Work to be completed: All lines from the one containing "近日,在海宁市马桥街道民胜村" down to the one containing "中德信通是一家專注於安防監控", both ends included, are to be given again exactly; omit the rest of the listing below.

Listed entries:
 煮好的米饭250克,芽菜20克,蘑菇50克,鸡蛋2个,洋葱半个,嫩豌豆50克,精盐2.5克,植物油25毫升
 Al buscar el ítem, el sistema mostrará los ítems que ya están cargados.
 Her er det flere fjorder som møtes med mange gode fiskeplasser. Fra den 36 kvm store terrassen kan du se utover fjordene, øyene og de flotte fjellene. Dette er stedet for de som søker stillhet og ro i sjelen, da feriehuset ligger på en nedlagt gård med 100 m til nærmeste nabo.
--
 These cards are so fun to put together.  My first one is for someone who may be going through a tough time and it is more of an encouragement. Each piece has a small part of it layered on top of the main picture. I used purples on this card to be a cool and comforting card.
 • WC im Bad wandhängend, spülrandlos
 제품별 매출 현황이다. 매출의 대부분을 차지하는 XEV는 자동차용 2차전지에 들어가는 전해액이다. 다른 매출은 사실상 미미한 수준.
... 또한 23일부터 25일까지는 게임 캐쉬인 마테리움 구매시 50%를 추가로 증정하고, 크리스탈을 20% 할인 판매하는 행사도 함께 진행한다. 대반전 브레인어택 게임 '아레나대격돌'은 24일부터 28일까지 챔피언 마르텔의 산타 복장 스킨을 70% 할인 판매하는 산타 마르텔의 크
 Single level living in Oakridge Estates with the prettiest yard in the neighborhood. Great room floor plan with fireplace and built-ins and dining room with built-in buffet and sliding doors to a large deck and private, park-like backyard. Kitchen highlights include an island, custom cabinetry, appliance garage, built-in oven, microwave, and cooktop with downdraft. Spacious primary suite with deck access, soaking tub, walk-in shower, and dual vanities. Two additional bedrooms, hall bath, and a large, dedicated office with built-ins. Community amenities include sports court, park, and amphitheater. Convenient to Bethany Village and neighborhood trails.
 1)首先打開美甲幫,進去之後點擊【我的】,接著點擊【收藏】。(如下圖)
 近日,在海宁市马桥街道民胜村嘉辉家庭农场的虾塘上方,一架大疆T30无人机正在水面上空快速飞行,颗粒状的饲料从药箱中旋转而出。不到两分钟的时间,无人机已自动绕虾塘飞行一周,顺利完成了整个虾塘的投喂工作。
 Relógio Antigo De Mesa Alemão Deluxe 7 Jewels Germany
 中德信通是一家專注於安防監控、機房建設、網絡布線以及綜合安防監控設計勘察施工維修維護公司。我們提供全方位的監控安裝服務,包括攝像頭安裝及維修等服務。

Output of the exercise:
 近日,在海宁市马桥街道民胜村嘉辉家庭农场的虾塘上方,一架大疆T30无人机正在水面上空快速飞行,颗粒状的饲料从药箱中旋转而出。不到两分钟的时间,无人机已自动绕虾塘飞行一周,顺利完成了整个虾塘的投喂工作。
 Relógio Antigo De Mesa Alemão Deluxe 7 Jewels Germany
 中德信通是一家專注於安防監控、機房建設、網絡布線以及綜合安防監控設計勘察施工維修維護公司。我們提供全方位的監控安裝服務,包括攝像頭安裝及維修等服務。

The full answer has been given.